--- What you are asked to do ---
The listing below must be returned in full and unchanged, without the images it carries.

--- Dataset content ---
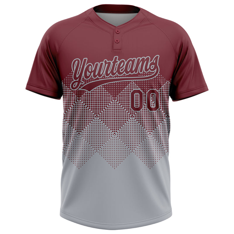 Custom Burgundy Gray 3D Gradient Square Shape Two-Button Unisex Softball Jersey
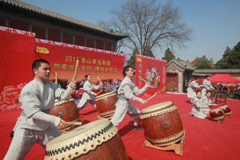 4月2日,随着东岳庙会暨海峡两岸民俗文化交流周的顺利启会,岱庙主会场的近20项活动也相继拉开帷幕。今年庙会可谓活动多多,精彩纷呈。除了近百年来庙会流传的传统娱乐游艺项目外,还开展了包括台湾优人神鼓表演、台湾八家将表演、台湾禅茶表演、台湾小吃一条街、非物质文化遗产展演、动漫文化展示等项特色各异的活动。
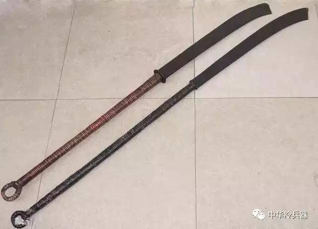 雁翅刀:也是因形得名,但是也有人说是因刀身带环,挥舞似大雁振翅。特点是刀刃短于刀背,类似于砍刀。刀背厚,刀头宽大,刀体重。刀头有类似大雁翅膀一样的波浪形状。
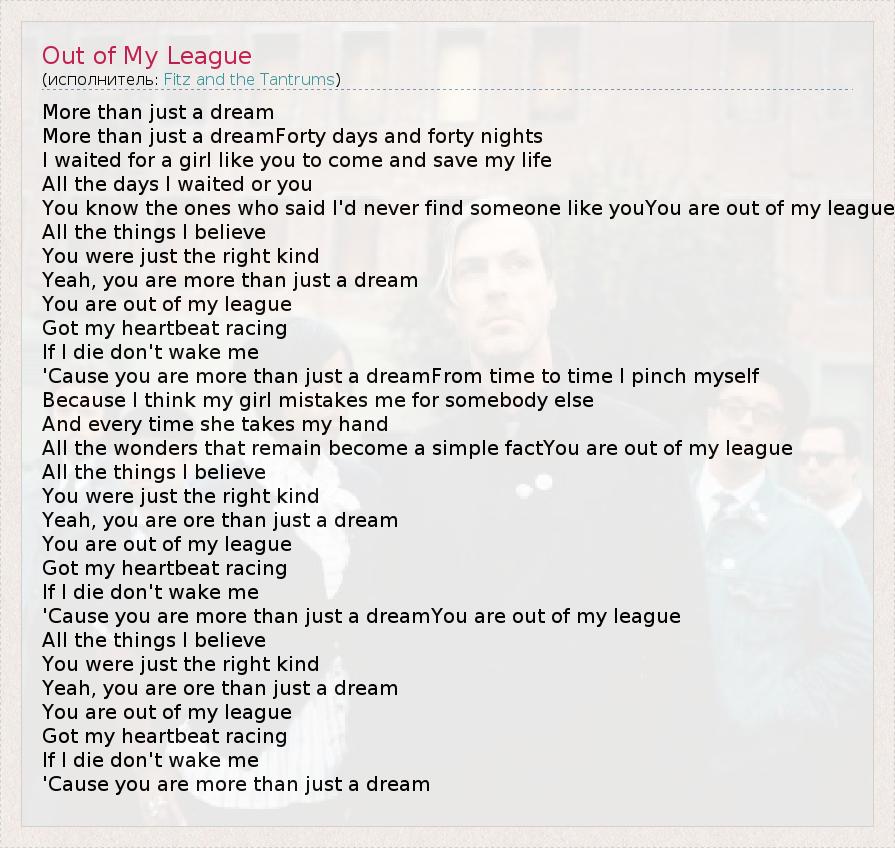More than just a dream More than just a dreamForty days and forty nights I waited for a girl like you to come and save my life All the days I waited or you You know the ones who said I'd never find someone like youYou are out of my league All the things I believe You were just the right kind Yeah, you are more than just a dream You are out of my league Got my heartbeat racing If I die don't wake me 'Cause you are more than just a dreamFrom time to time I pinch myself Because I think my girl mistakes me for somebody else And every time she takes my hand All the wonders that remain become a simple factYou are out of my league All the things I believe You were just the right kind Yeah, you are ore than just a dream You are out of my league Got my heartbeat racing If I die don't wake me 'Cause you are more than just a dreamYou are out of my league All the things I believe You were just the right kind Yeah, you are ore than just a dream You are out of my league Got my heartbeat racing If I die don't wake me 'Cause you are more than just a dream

--- Answer space ---
 Custom Burgundy Gray 3D Gradient Square Shape Two-Button Unisex Softball Jersey
 4月2日,随着东岳庙会暨海峡两岸民俗文化交流周的顺利启会,岱庙主会场的近20项活动也相继拉开帷幕。今年庙会可谓活动多多,精彩纷呈。除了近百年来庙会流传的传统娱乐游艺项目外,还开展了包括台湾优人神鼓表演、台湾八家将表演、台湾禅茶表演、台湾小吃一条街、非物质文化遗产展演、动漫文化展示等项特色各异的活动。
 雁翅刀:也是因形得名,但是也有人说是因刀身带环,挥舞似大雁振翅。特点是刀刃短于刀背,类似于砍刀。刀背厚,刀头宽大,刀体重。刀头有类似大雁翅膀一样的波浪形状。
More than just a dream More than just a dreamForty days and forty nights I waited for a girl like you to come and save my life All the days I waited or you You know the ones who said I'd never find someone like youYou are out of my league All the things I believe You were just the right kind Yeah, you are more than just a dream You are out of my league Got my heartbeat racing If I die don't wake me 'Cause you are more than just a dreamFrom time to time I pinch myself Because I think my girl mistakes me for somebody else And every time she takes my hand All the wonders that remain become a simple factYou are out of my league All the things I believe You were just the right kind Yeah, you are ore than just a dream You are out of my league Got my heartbeat racing If I die don't wake me 'Cause you are more than just a dreamYou are out of my league All the things I believe You were just the right kind Yeah, you are ore than just a dream You are out of my league Got my heartbeat racing If I die don't wake me 'Cause you are more than just a dream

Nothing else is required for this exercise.